“El que encontró una mujer encontró la felicidad y obtuvo el favor del Señor”.
Por Arturo Zárate Ruiz
Como en toda fiesta, en las bodas se permiten algunas payasadas. Tarareando la marcha nupcial de Mendelsshon, se le canta al novio “ya se casó, ya se murió”. Y se le carga como cadáver mientras se tocan las notas de la Marcha Fúnebre de Chopin. Parecería entonces que casarse es el peor error de un varón, como si fuésemos los “sufridísimos hombres” unas débiles víctimas a punto de ser engullidas por una “bruja”.
Algunos textos bíblicos parecen reforzar esta pobre opinión sobre el matrimonio cuando recomiendan el casarse como “remedio” contra la lujuria. San Pablo, tras afirmar como estado óptimo el celibato, advierte a aquéllos que les sea imposible dicha meta: “Mejor es casarse que quemarse” y “para evitar la inmoralidad sexual, cada uno tenga su esposa, y cada esposa tenga su marido”.
Pero en Proverbios también leemos: “El que encontró una mujer encontró la felicidad y obtuvo el favor del Señor”.
Ya en el Génesis se nos dice que Dios creó a la mujer de una costilla de Adán, lo que sería muy grato a él, pues, como leemos en el Eclesiástico, “la gracia de una mujer deleita a su marido”.

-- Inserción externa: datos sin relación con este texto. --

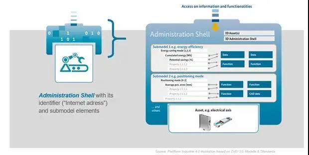 资产构成工业4.0基本单元(物理的/非物理的)的实体部分,管理壳构成工业4.0基本单元的虚拟部分,工业4.0的通信将各种基本单元加以连接。实际上管理壳是连接工业4.0与资产的接口,是存放资产的所有数据与信息的存贮器,它同时还是作为工业4.0标准化的通信网络的接口,它具有把无源的资产(如软件、文档)集成到工业4.0的网络的能力,它还能够用来把现有的设备升级迁移至工业4.0的大环境中。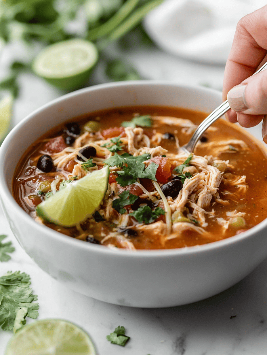 This chicken tortilla soup is made by slow-cooking chicken, peppers, and spices until tender, then blending flavors into a hearty, spicy broth. It features shredded chicken, roasted vegetables, and crispy tortilla strips, resulting in a comforting mixture with a slightly chunky texture and vibrant appearance. The final presentation is both rustic and colorful, topped with fresh herbs and crunchy toppings.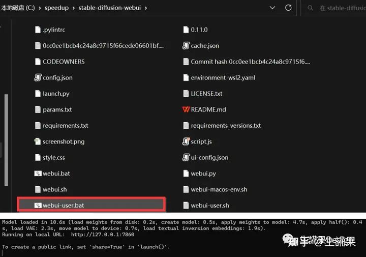 进入SD安装文件夹,双击 webui-user.bat,待其加载完成方可使用浏览器(Chrome/Edge)登录默认的加载IP http://127.0.0.1:7860/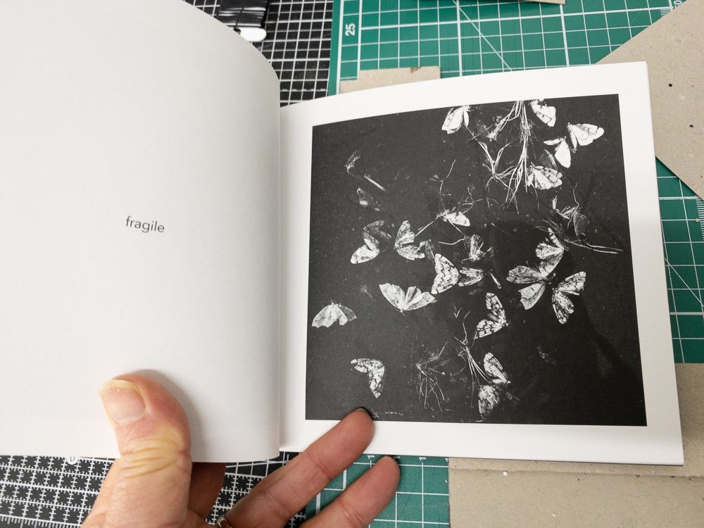15 x 17.5cm. Cover wild green 300g. Pages Munken Lynx rough 170g. Printed on HP Indigo press. 36 pages.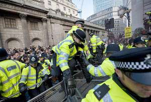 據(jù)英國《獨(dú)立報》報道,在G20峰會即將召開的前夕,大批示威者涌上倫敦街頭,其中一些人甚至拿起了棍棒,同警察發(fā)生了肢體沖突。英國央行遭圍堵,蘇格蘭皇家銀行的辦公設(shè)備被砸爛,趨向暴力的抗議活動已經(jīng)令倫敦亂作一團(tuán)。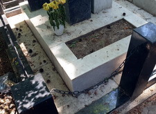 Так выглядело место захоронения на момент окончания работы: деревянный крест покрыт защитным раствором; мраморные изделия отшлифованы и покрыты гидрофобной субстанцией, стыки элементов промазаны белым герметиком; полые столбики, восстановлены; в цветнике заменена земля и посажен газон.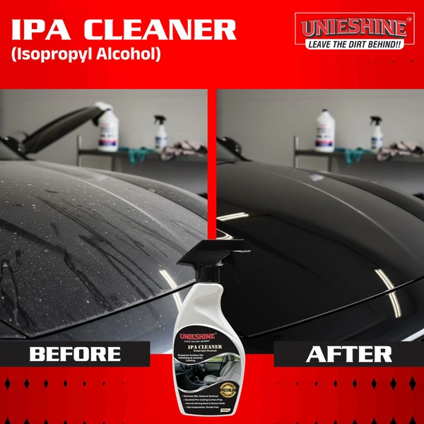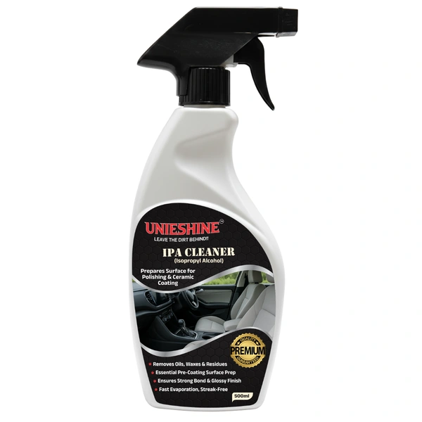 UNIESHINE 500ML IPA (Isopropyl Alcohol) is a fast-evaporating surface prep spray designed for car and bike detailing. It helps remove oil, dirt, grime and wax residues, supporting cleaner surfaces before polishing, coating, correction work or maintenance cleaning.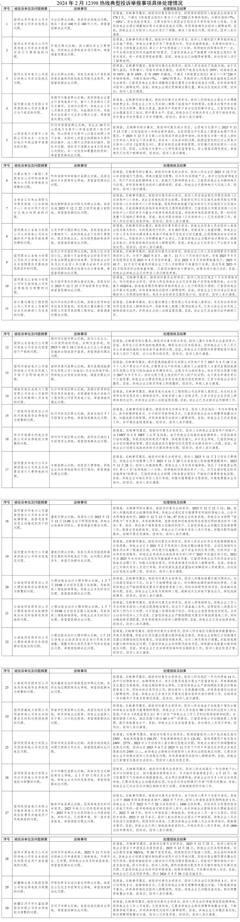 2024年2月,国家能源局12398能源监管热线(以下简称12398热线)共接收投诉举报432件,办结投诉举报526件(含往期结转)。现将有关情况通报如下: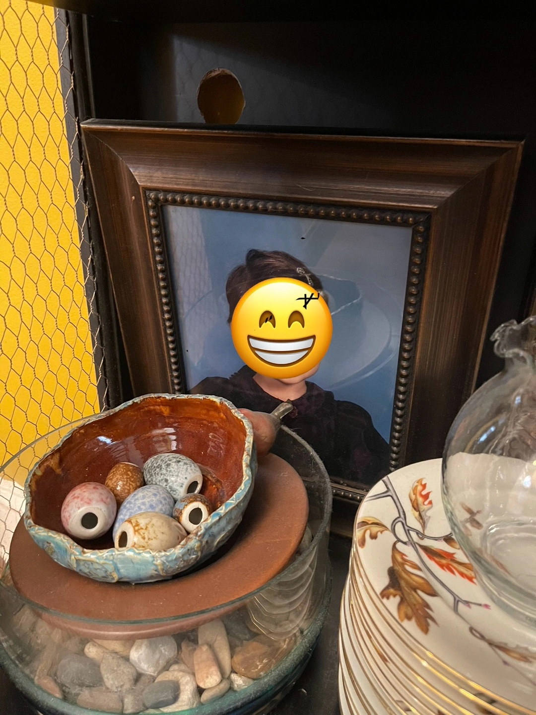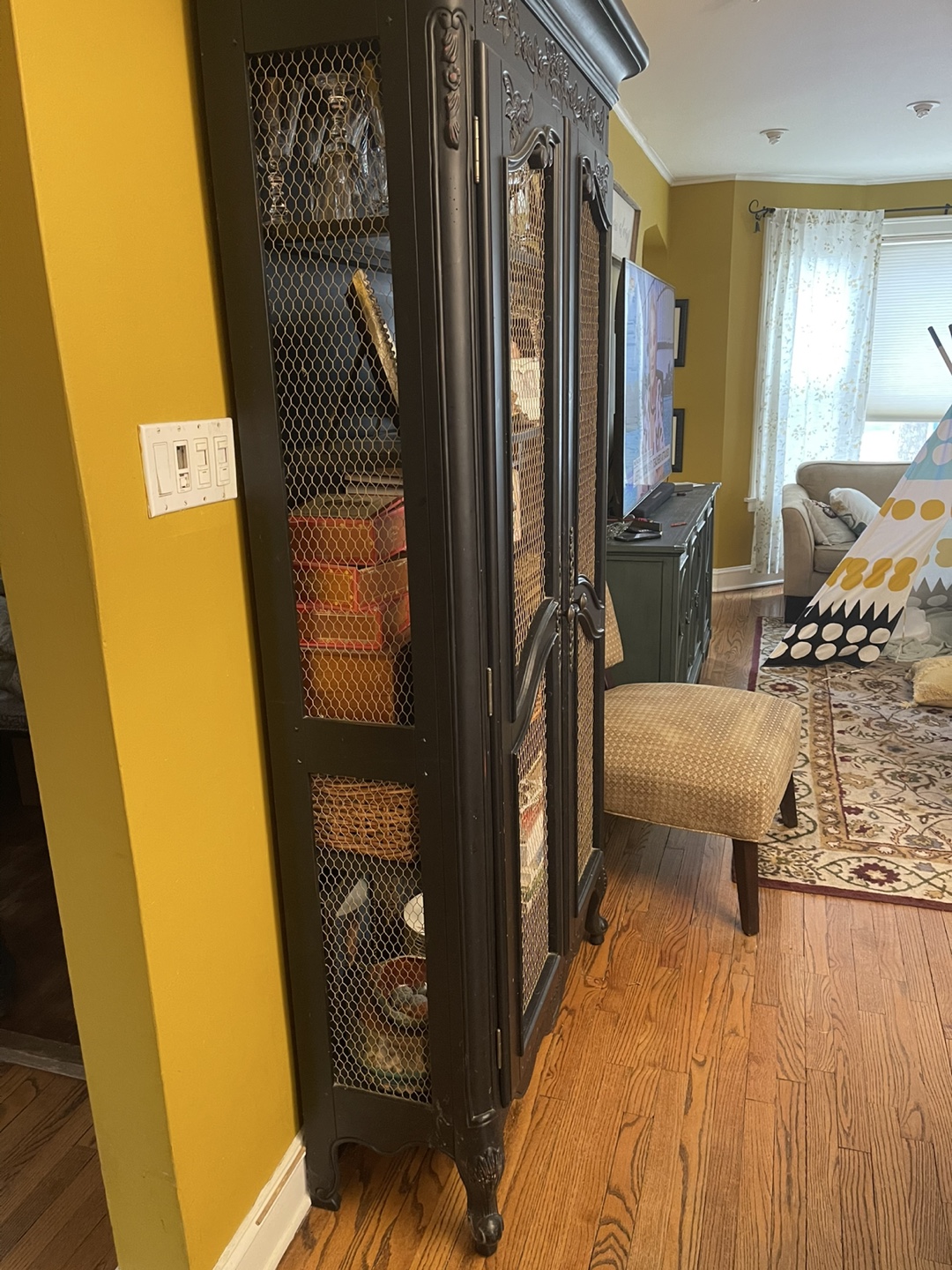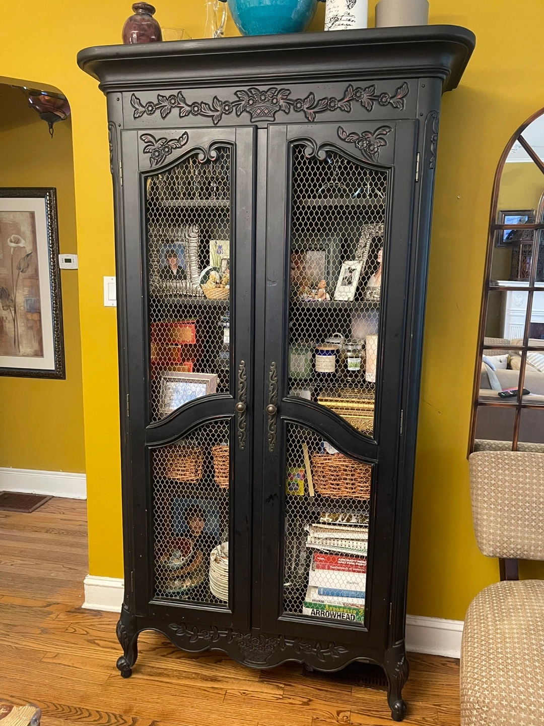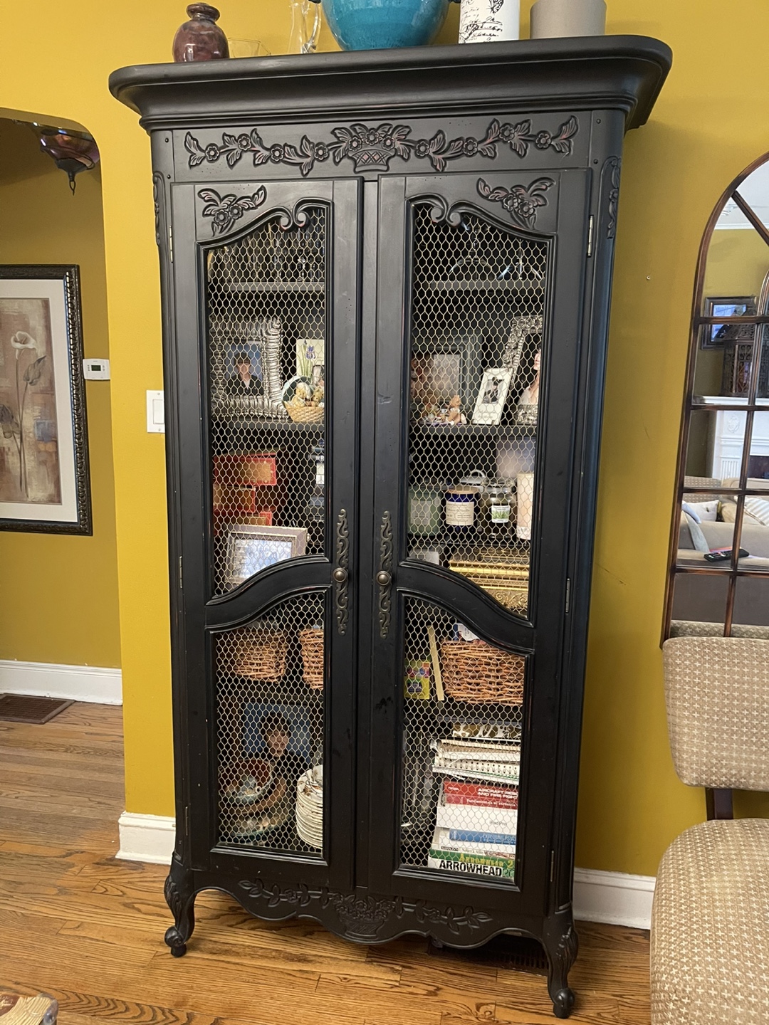 Tall black cabinet. Ornate carvings. Wire mesh doors. Shelves inside. Perfect for storage or display.
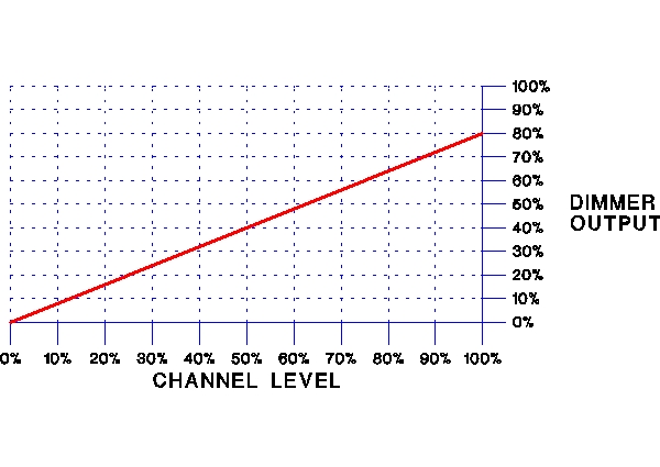 - By default, if the channel level is 30% the dimmer output is also 30%. If the channel level is 80%,

No fue sino hasta que Dios creó a Eva que Adán exclamó: “Esta sí es hueso de mis huesos y carne de mi carne. Esta será llamada varona porque del varón ha sido tomada”. No sino hasta entonces el hombre encontró una compañía digna: no las cosas materiales, no sus ocupaciones ni sus entretenimientos, no los animales del campo, ni las aves del cielo, sino la mujer, su compañera en igualdad. Dios le dio entonces a Adán, como su mejor regalo, el matrimonio: “pasan a ser una sola carne”. Dice el Eclesiástico que, al hombre, la mujer por “su buen juicio lo llena de vigor”. Y remarquemos la dignidad de los novios que se unen en matrimonio: “Y creó Dios al hombre a su imagen. A imagen de Dios lo creó. Varón y mujer los creó”.
En cuanto a la dignidad del matrimonio mismo, leemos en los Salmos que el gozo del Señor por sus fieles son como los de un novio y una novia en su lecho, pues se alegra “igual que un esposo que sale de su alcoba”.
Es más, todo el Cantar de los cantares compara el amor de Dios por su pueblo con el de los esposos. Así de grande e intenso es. Por si no estuviera claro, san Pablo considera “un gran misterio” la unión de un hombre y una mujer, y la equipara a la de Dios con sus fieles, pues el matrimonio “se refiere a Cristo y a la Iglesia”. Cuán grande debe ser el amor de los esposos que san Pablo ordena que sea como el de Cristo que se entregó por nosotros.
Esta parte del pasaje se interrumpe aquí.